Ужин начался весело. Катя не успела приготовить на закуску ни селедку под шубой, ни заливную рыбу, ни холодец (свои лучшие, коронные блюда), но в них и не было необходимости. Олег отдал должное и хрустящей домашней капусте провансаль с изюмом и маринованными сливами, и жаренным с чесноком ржаным сухарикам, и домашним же соленым рыжикам. Не отказался он и от робко предложенной Катей водки.

Сама Катя пила маленькими глоточками красное вино и смотрела, как он ест — со сдержанным, но явным наслаждением, полуприкрыв глаза и смакуя каждый кусочек. Бедняжка, с состраданием думала она; сидит, должно быть, все время на одном кофе и сухарях.

И что за глупые сплетни, что у него есть постоянная женщина?

Была бы постоянная женщина, давно бы его откормила…

Олег подцепил с тарелки последний рыжик, но спохватился.

— Кажется, я немного увлекся… А как же племянник?

— Он зайдет за тетрадкой завтра утром, — успокоила его Катя. — Кушайте, прошу вас. Я так рада, что вам нравится моя стряпня…

— Нравится — не то слово, — подтвердил Олег, прожевывая рыжик, — я словно вернулся в детство. На хутор, к бабушке. Бабушка моя жила в Литве, и вот эти ваши ржаные сухарики с чесноком… Они точь-в-точь, как у нее!

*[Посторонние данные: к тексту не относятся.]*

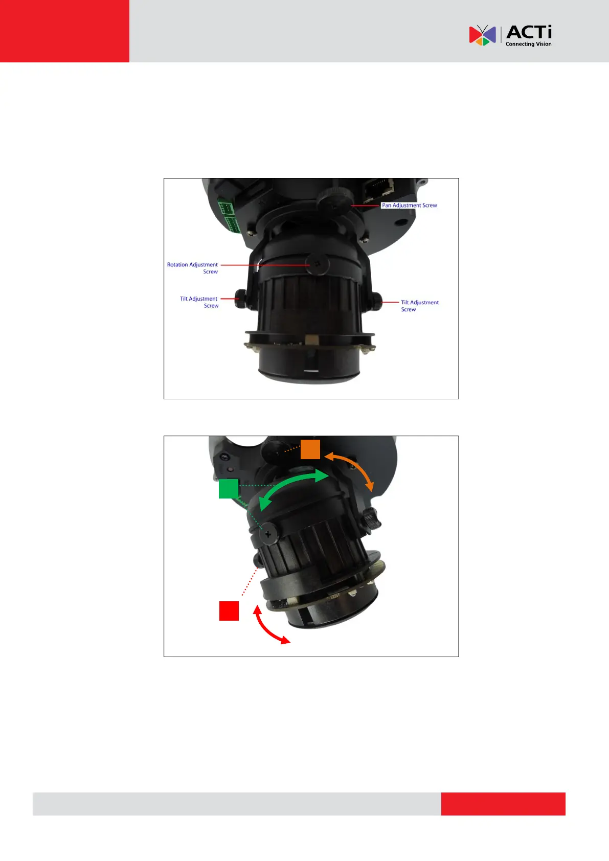 1. Loosen the tilt adjustment screws, adjust the tilt, and then tighten back the screws to fix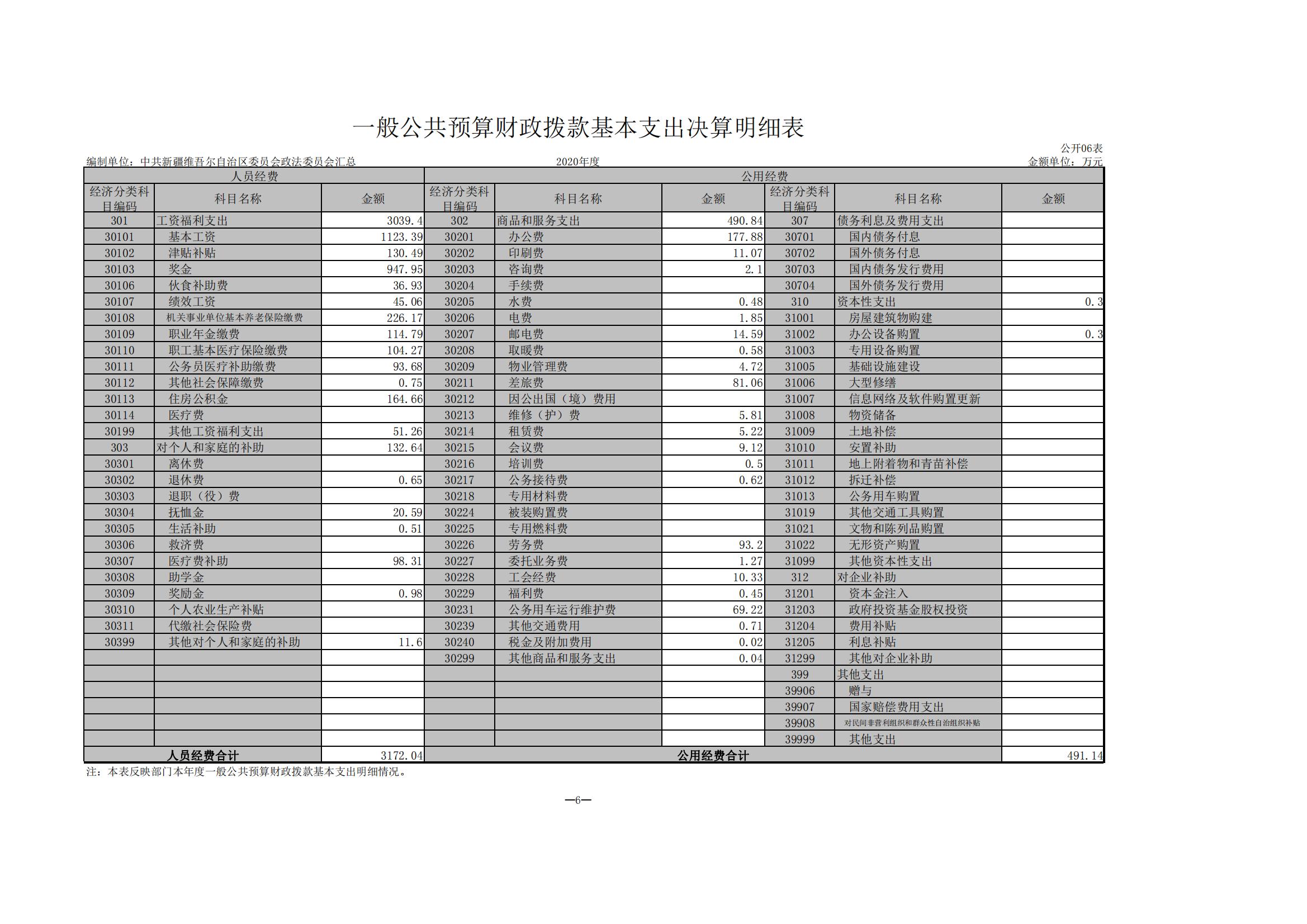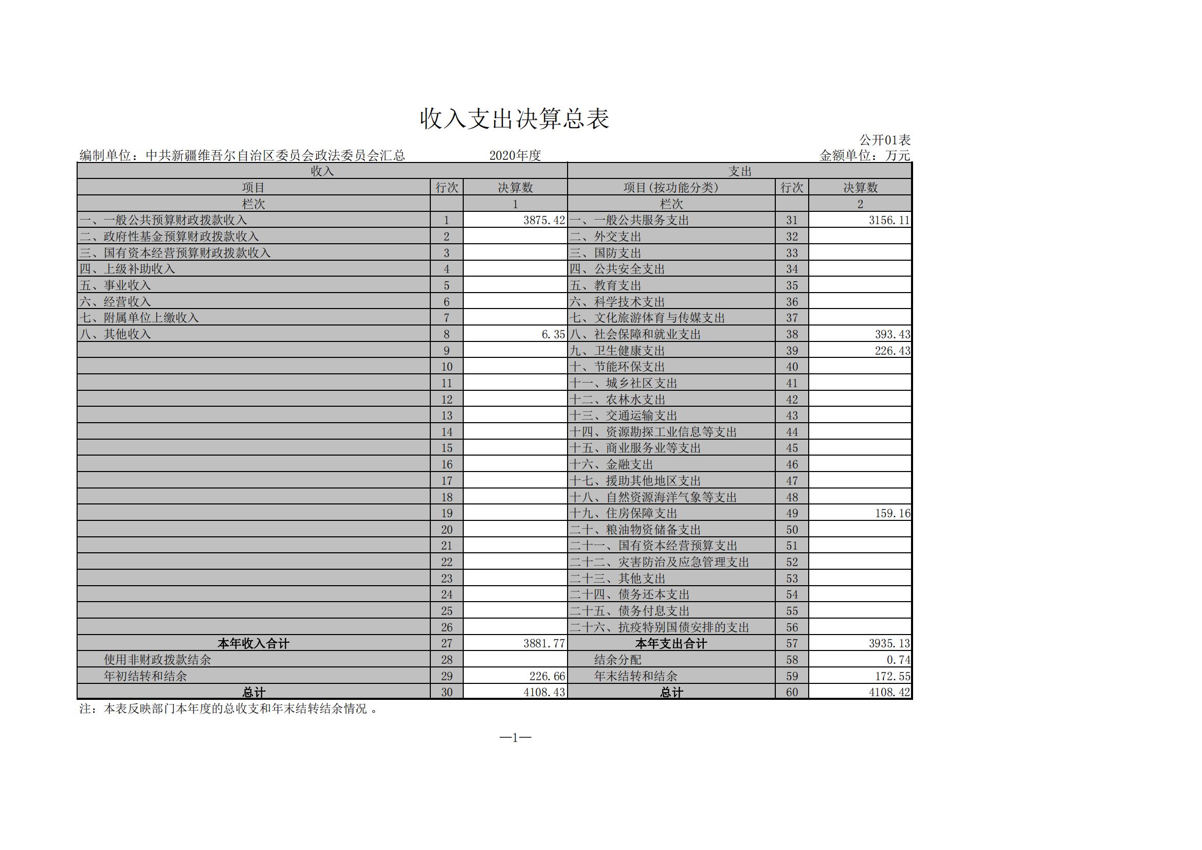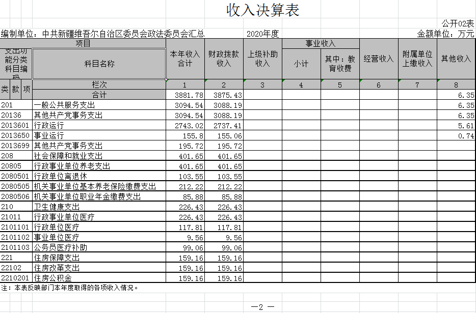 中共新疆維吾爾自治區委員會政法委員會2020年度部門決算公開說明(匯總)
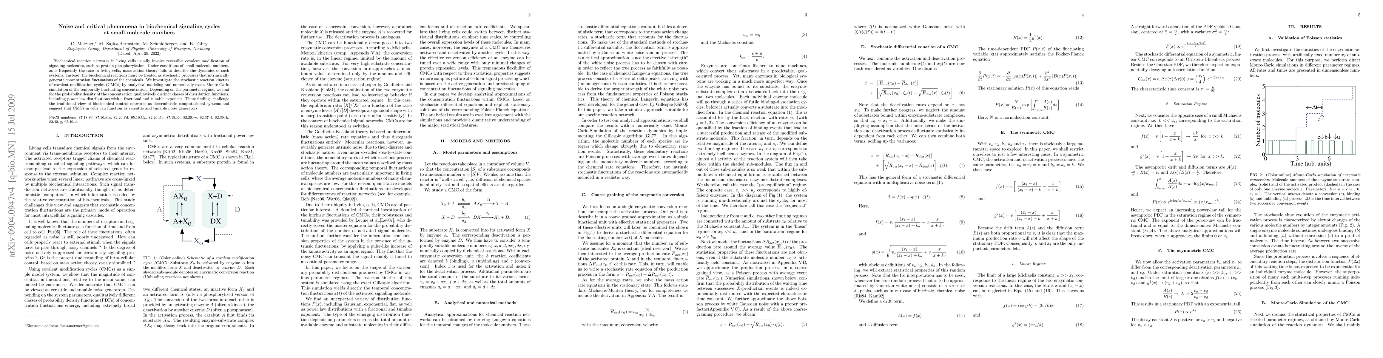 Biochemical reaction networks in living cells usually involve reversible covalent modification of signaling molecules, such as protein phosphorylation. Under conditions of small molecule numbers, as is frequently the case in living cells, mass action theory fails to describe the dynamics of such systems. Instead, the biochemical reactions must be treated as stochastic processes that intrinsically generate concentration fluctuations of the chemicals. We investigate the stochastic reaction kinetics of covalent modification cycles (CMCs) by analytical modeling and numerically exact Monte-Carlo simulation of the temporally fluctuating concentration. Depending on the parameter regime, we find for the probability density of the concentration qualitatively distinct classes of distribution functions, including power law distributions with a fractional and tunable exponent. These findings challenge the traditional view of biochemical control networks as deterministic computational systems and suggest that CMCs in cells can function as versatile and tunable noise generators.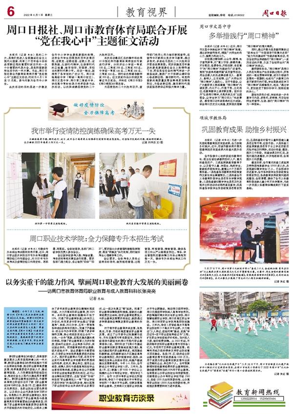 本报讯(记者 朱红) 党的二十大,是我们党进入全面建设社会主义现代化国家、向第二个百年奋斗目标进军新征程的重要时刻召开的一次十分重要的代表大会,是党和国家政治生活中的一件大事。为此,周口日报社联合市教育体育局开展“党在我心中”主题征文活动,时间为6月1日至12月底,参与对象为全市中小学生。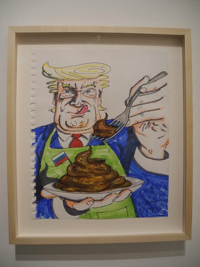 Также актёр довольно часто рисует карикатуры на известных личностей, которые публикует на своей странице в инстаграме. За время своей художественной деятельности Джим Керри нарисовал десятки карикатур на президента США Дональда Трампа и его администрацию. А в 2018 году в галерее Maccarone в Лос-Анджелесе прошла целая выставка актёра, в которой насчитывалось более 100 рисунков.

Несмотря на свой весьма небогатый опыт общения с мужчинами, Катя почувствовала, что это была наивысшая похвала. «Как удачно, что свинину я тоже поджарила по-литовски, с сыром, — подумала она. — Это знак судьбы!»

— Значит, вы вовсе не индеец, а литовец? — ласково, как ребенку, улыбнулась Олегу Катя.

— Я — всего понемногу, — усмехнулся он, принимая из ее рук блюдо со свининой, — немного литовец, немного черногорец… а в основном русский. Прадед мой по отцу был из Сибири. Что же касается индейцев, то это вряд ли… Впрочем, кто может знать наверняка? Вот вы, Катя, знаете всех своих предков?

— Нет, — вздохнула Катя, — я даже родителей своих не знаю. Я детдомовская.

— О, простите, — Олег виновато коснулся ее руки.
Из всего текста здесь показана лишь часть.